1169 Sicily earthquake
1169 Sicily earthquake is located in Sicily
1169 Sicily earthquake
Date February 4, 1169 (1169-02-04)
Origin time 07:00
Magnitude 7.3 Ms
Epicenter 37°13′01″N 14°57′00″E / 37.217°N 14.95°E / 37.217; 14.95Coordinates: 37°13′01″N 14°57′00″E / 37.217°N 14.95°E / 37.217; 14.95
Areas affected Eastern Sicily
Max. intensity X (Extreme)
Tsunami Yes
Casualties 15,000–25,000 deaths

The 1169 Sicily earthquake occurred on 4 February 1169 at 07:00 on the eve of the feast of St. Agatha of Sicily (in southern Italy). It had an estimated magnitude of between 6.4 and 7.3 and an estimated maximum perceived intensity of X (Extreme) on the Mercalli intensity scale. Catania, Lentini and Modica were severely damaged. It triggered a tsunami. Overall, the earthquake is estimated to have caused the deaths of at least 15,000 people.

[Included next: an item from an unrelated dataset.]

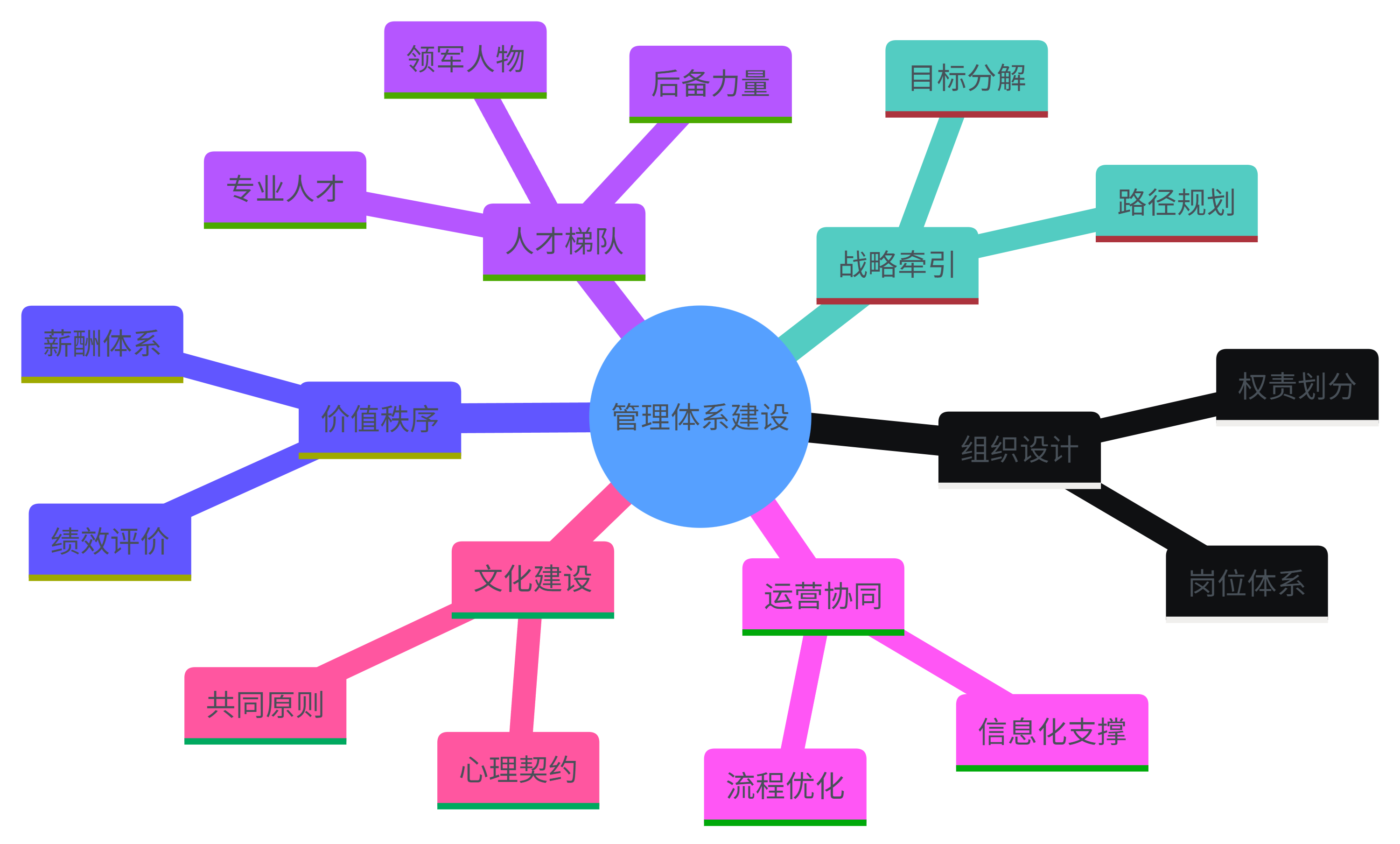 管理体系的建设,根本上是为战略落地和价值创造服务的,而有效的管理体系应包括战略牵引、组织设计、权责体系、激励机制、运营协同、文化建设等核心要素,形成从顶层设计到执行落地的闭环。
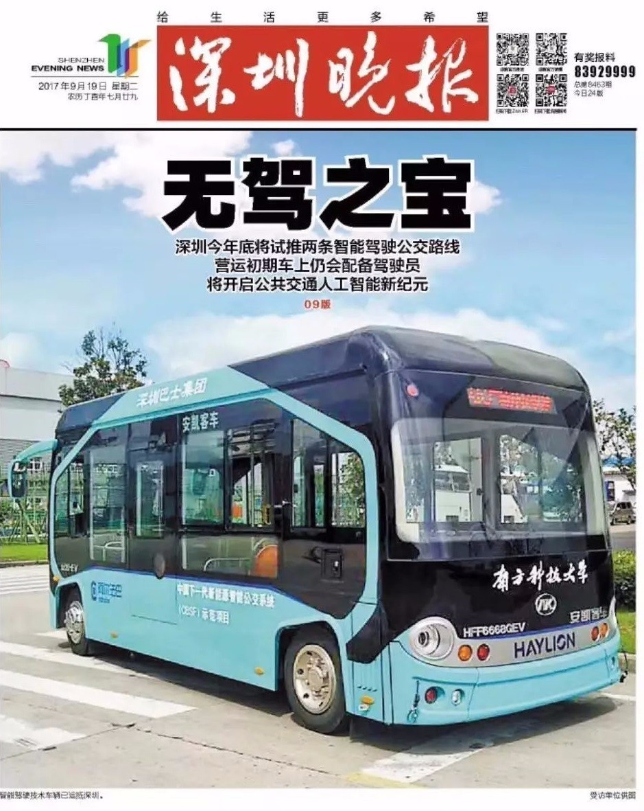 北京时间 9 月 18 日,在深圳市 2017 年「公交出行宣传周及无车日」启动仪式上,深圳巴士集团董事长余钢透露,将与国家智能运输中心、华为公司等合作,共同研发无人驾驶技术,今年 10 月底将在南科大等地实验两条智能驾驶路线。

Sicily's considerable seismic activity is a product of plate tectonics: the island lies on part of the complex convergent boundary where the African Plate is subducting beneath the Eurasian Plate. This subduction zone is responsible for the formation of the stratovolcano Mount Etna. Most of the damaging earthquakes occur on the Siculo-Calabrian rift zone, a zone of extensional faulting which runs for about 370 kilometres (230 mi), forming three main segments through Calabria, along the east coast of Sicily and immediately offshore, and finally forming the southeastern margin of the Hyblean Plateau, a carbonate platform in southeastern Sicily. Faults in the Calabrian segment were responsible for the 1783 Calabrian earthquakes sequence.

In the southern part of the eastern coast of Sicily, investigations have identified a series of active normal dip-slip faults, dipping to the east. Most of these lie offshore, and some control basins that contain large thicknesses of Quaternary sediments. The two largest faults, known as the western and eastern master faults, border half-grabens, with fill of up to 700 metres (2,297 ft) and 800 metres (2,625 ft) respectively. Onshore, two ages of faulting have been recognised, an earlier phase trending NW-SE and a later phase trending SSW-NNE that clearly offsets the first group, including the Avola fault and the Rosolini-Ispica fault system.